Antagonism between genes driving differentiation to different fates has been repeatedly established; often, enforced expression of a differentiated phenotype, whether by specific misexpression of a gene, or fusion of cells with different phenotypes, also leads to repression of the previous phenotype (repression of alternative fates has been proposed to be an essential mechanism of differentiation, reviewed by Cory, 1999). The idea of competition is reinforced by dose-dependency effects, shown for example by comparison of heterozygous and homozygous mutants, heterokaryon studies, or knock-down mutations (Weintraub, 1993, McDevitt et al., 1997, reviewed by Orkin, 2000; Crittenden et al., 2002), by monoallelic expression of a gene such as Pax5 (Nutt et al., 1999), and by dosage effects of interacting bHLH proteins (Zhuang et al., 1996).
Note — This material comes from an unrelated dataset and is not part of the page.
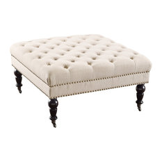 Shop Belleze 33 Inch Round Tufted Linen Ottoman Large Footstool

These effects argue that boolean models, in which a specific master gene would be turned on, initiate transcription of cell-type specific genes, and repress all other fates, are insufficient.
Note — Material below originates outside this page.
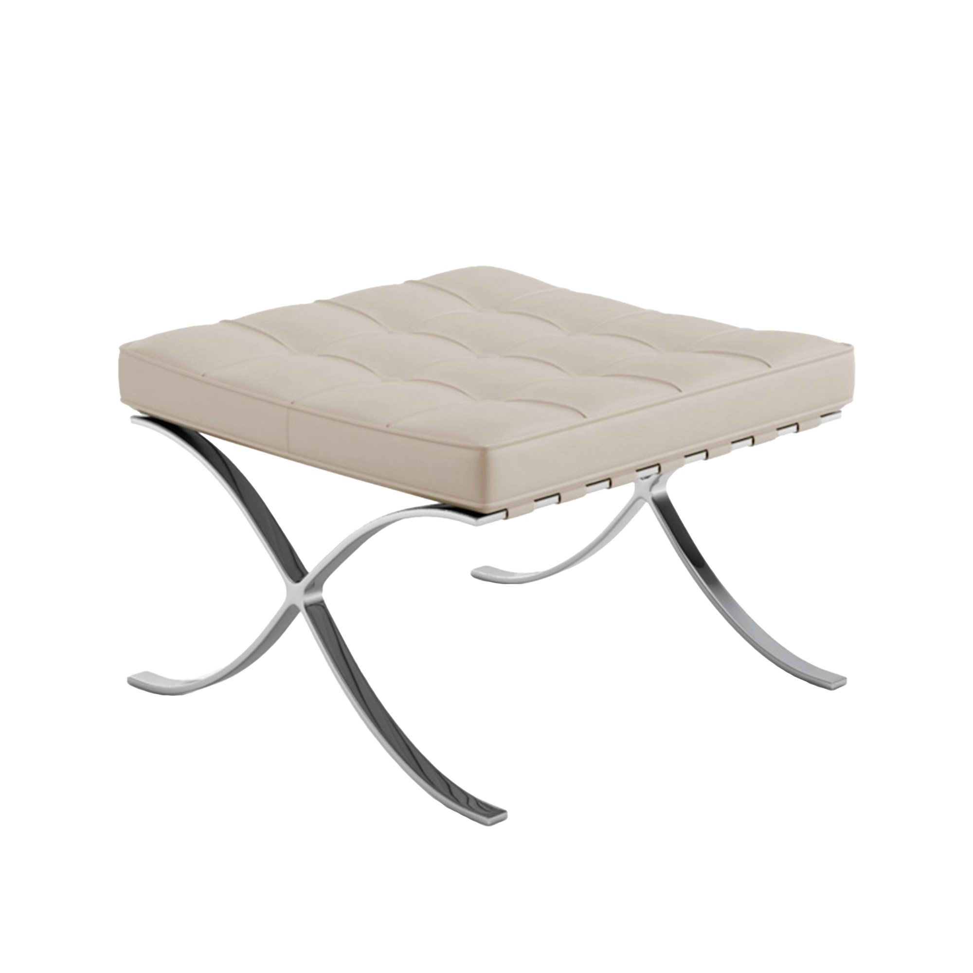 Knoll - Barcelona Stool, Läder: Kat. W Velluto Pelle - VP04 - Vit - Pallar - Ludwig Mies van der Rohe - Vit - Läder/Metall/Syntetiskt/Skum

Competition between cell-fate determining factors has also been documented at the molecular level, for example in the case of neurogenesis, where bHLH proteins play a major role in specifying neural subtypes (Chien et al., 1996, Brunet and Ghysen, 1999). Gowan et al. (2001) have identified a network of 3 cross-repressive bHLH proteins (although not all possible cross-repressions have been characterised). Briscoe et al. (2000) have also shown that a cross-repressive gene network reads out the Shh gradient in the neural tube. Two sets of two cross-repressing genes have been identified, with a possibility that there is a larger, totally cross-repressive network (all the possible interactions do not seem to have been assessed yet). The competition can also happen by physical interaction between the factors, rather than by cross-repression of transcription: in hematopoeisis, GATA-1, which drives erythroid and megakaryocytic differentiation (Visvader et al., 1992, Iwasaki et al., 2003, Kulessa et al., 1995), and PU-1, a transcription factor essential for the expression of myleoid-specific genes (reviewed by Zhang et al., 1996), as well as B-cell specific genes (Chen et al., 1996), suppress each other's activity by physical interaction (Rekhtman et al., 1999, Nerlov et al., 2000, Zhang et al., 1999). This seems to be a general phenomenon in hematopoiesis (Hu et al., 1997, reviewed by Enver and Greaves, 1998, Cross and Enver, 1997).
In addition to repressing other genes, cell-fate determining factors often enhance their own expression; it has been proposed that this is a common property of "master switches" (Rothenberg et al., 1999).